** ABOUT THIS TASK **
Retype the line where "Accuses Ken Starr" appears and each line that follows it down to the last line of the records below. Leave the pictures out.
(EXTRACTED RECORDS begins)
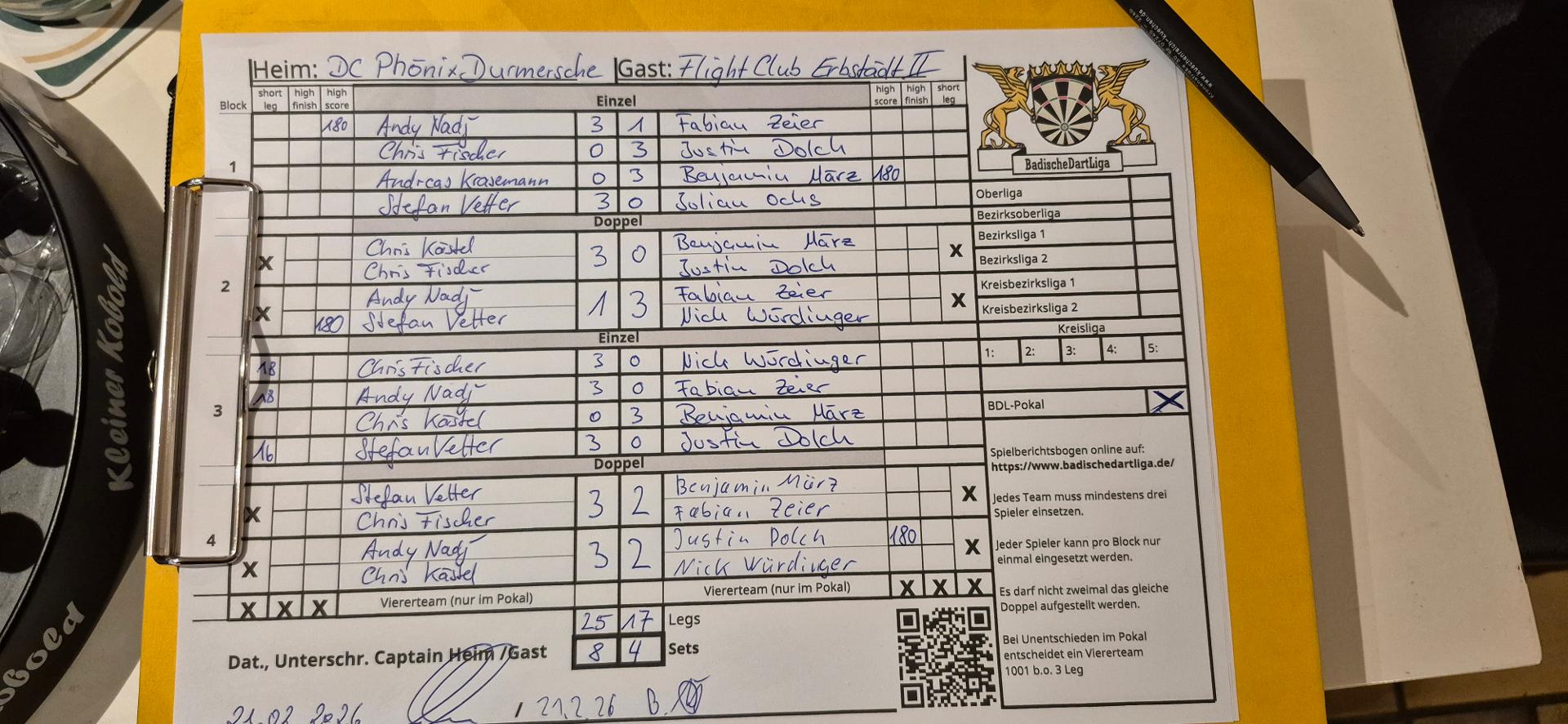 | Ergebnis: | 25 : 17 | - Legs | ||||||
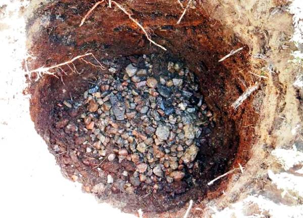 - La presencia de agua subterránea en un lugar nuevo no debería ser alta. Si el problema no se puede resolver debido al hecho de que no hay otro lugar en el sitio, tendrá que ocuparse del sistema de drenaje. Para el drenaje, puede utilizar piedra triturada, ladrillo, piedras o tablones picados. Además, esta almohada se coloca antes de llenar el compost.
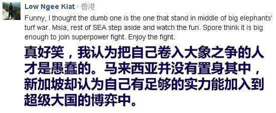 对于“中国为什么选择马来西亚,而非新加坡”的疑问,有新加坡网友这样回答:“因为新加坡太聪明了,中国无法应付。”
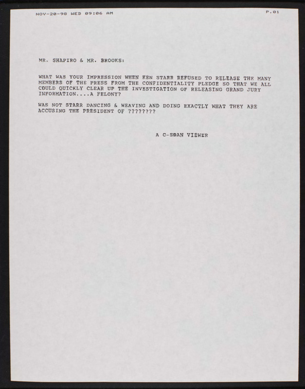 Accuses Ken Starr of hypocrisy for not allowing reporters to be released from confidentiality.
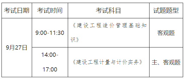 注:考试设基础科目《建设工程造价管理基础知识》、专业科目《建设工程计量与计价实务》,其中《建设工程计量与计价实务》分为土木建筑工程、交通运输工程、水利工程和安装工程4个专业类别,报考人员可选择其中一个专业类别报考。
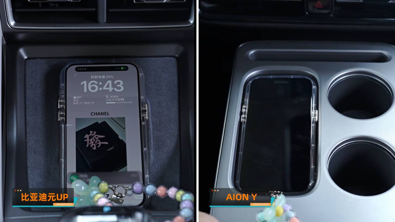 不過作為小型SUV,使用CTB結構的元UP,在2620mm的軸距下同樣將“得房率”盡可能提升,無論膝部的冗余還是頭部開楊感,都已經超乎預期,加之比亞迪提供了支撐充足、靠背貼服的座椅,還比AION Y增加副駕電動調節、前排座椅加熱、后排中央扶手,加上無線充電面板、遮陽板化妝鏡,所以從靜態乘車舒適度來看,元UP并沒有被AION Y甩開差距。
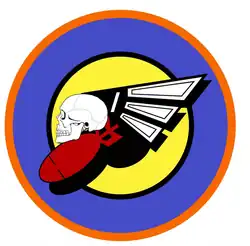 - ^ Approved 17 July 1944. Description: A yellow orange disc within a grayed blue annulet, piped back and bordered orange, surmounted by a white death's head with stylized wings of the sane, shaded blue, above a red aerial bomb, falling to dexter base, all casting deep drop shadow black.
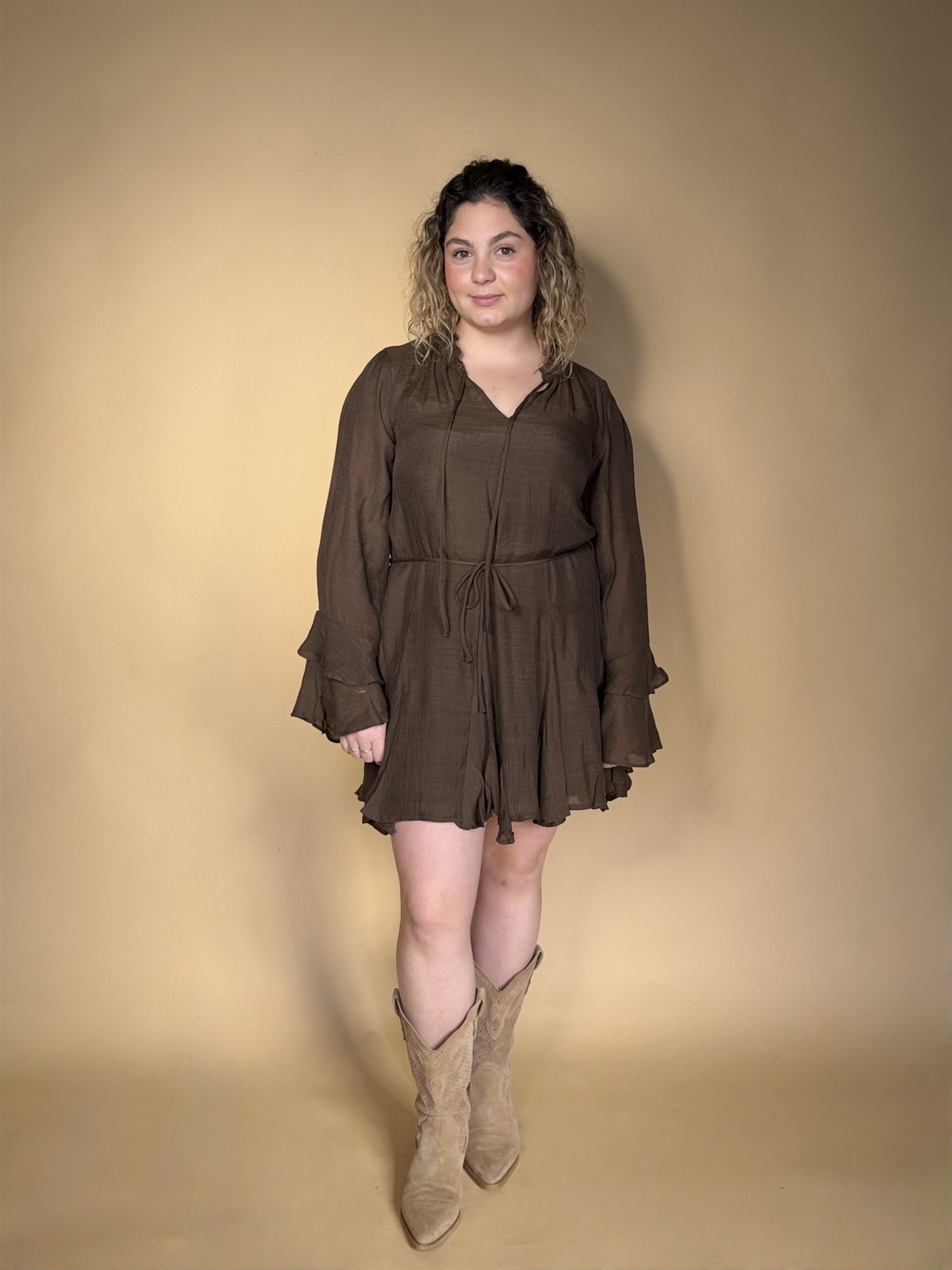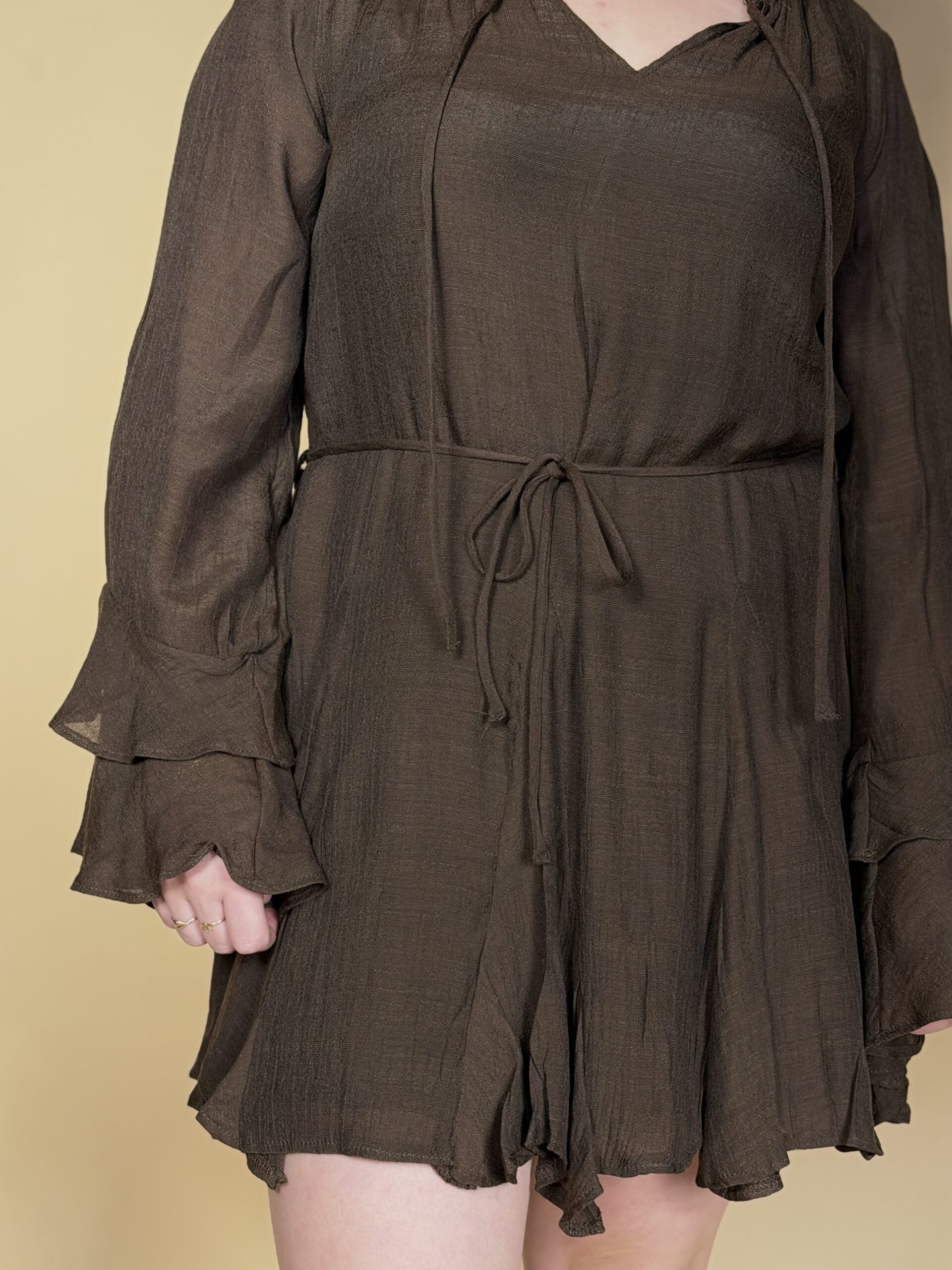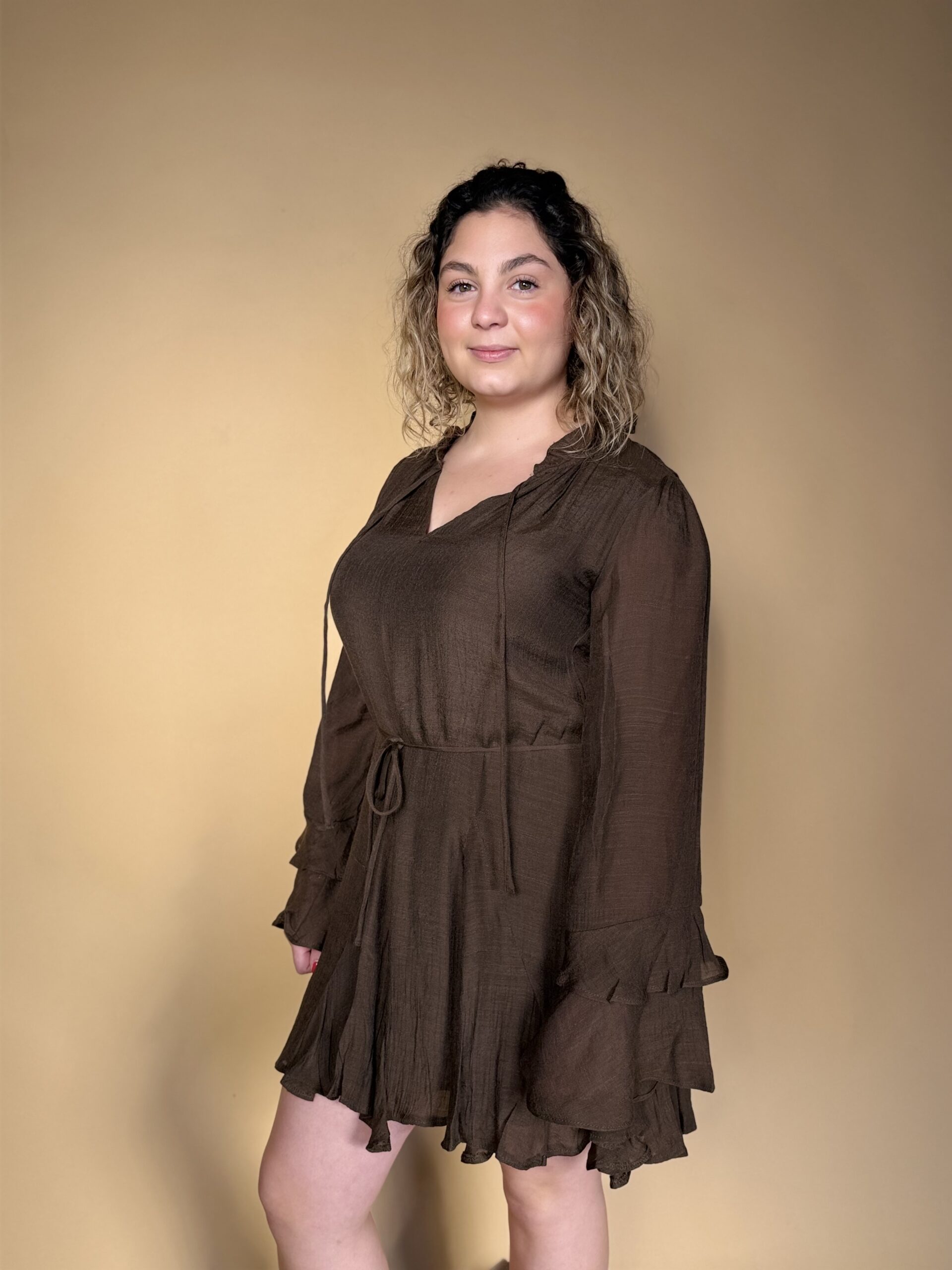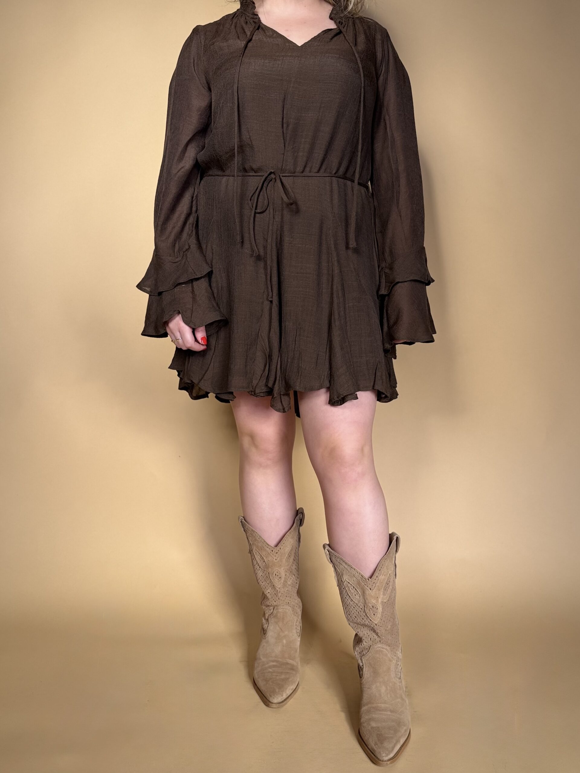 Vestido estilo boho-romántico en color marrón chocolate.
(EXTRACTED RECORDS ends)
** RESPONSE TO THIS TASK **
 Accuses Ken Starr of hypocrisy for not allowing reporters to be released from confidentiality.
 注:考试设基础科目《建设工程造价管理基础知识》、专业科目《建设工程计量与计价实务》,其中《建设工程计量与计价实务》分为土木建筑工程、交通运输工程、水利工程和安装工程4个专业类别,报考人员可选择其中一个专业类别报考。
 不過作為小型SUV,使用CTB結構的元UP,在2620mm的軸距下同樣將“得房率”盡可能提升,無論膝部的冗余還是頭部開楊感,都已經超乎預期,加之比亞迪提供了支撐充足、靠背貼服的座椅,還比AION Y增加副駕電動調節、前排座椅加熱、后排中央扶手,加上無線充電面板、遮陽板化妝鏡,所以從靜態乘車舒適度來看,元UP并沒有被AION Y甩開差距。
 - ^ Approved 17 July 1944. Description: A yellow orange disc within a grayed blue annulet, piped back and bordered orange, surmounted by a white death's head with stylized wings of the sane, shaded blue, above a red aerial bomb, falling to dexter base, all casting deep drop shadow black.
 Vestido estilo boho-romántico en color marrón chocolate.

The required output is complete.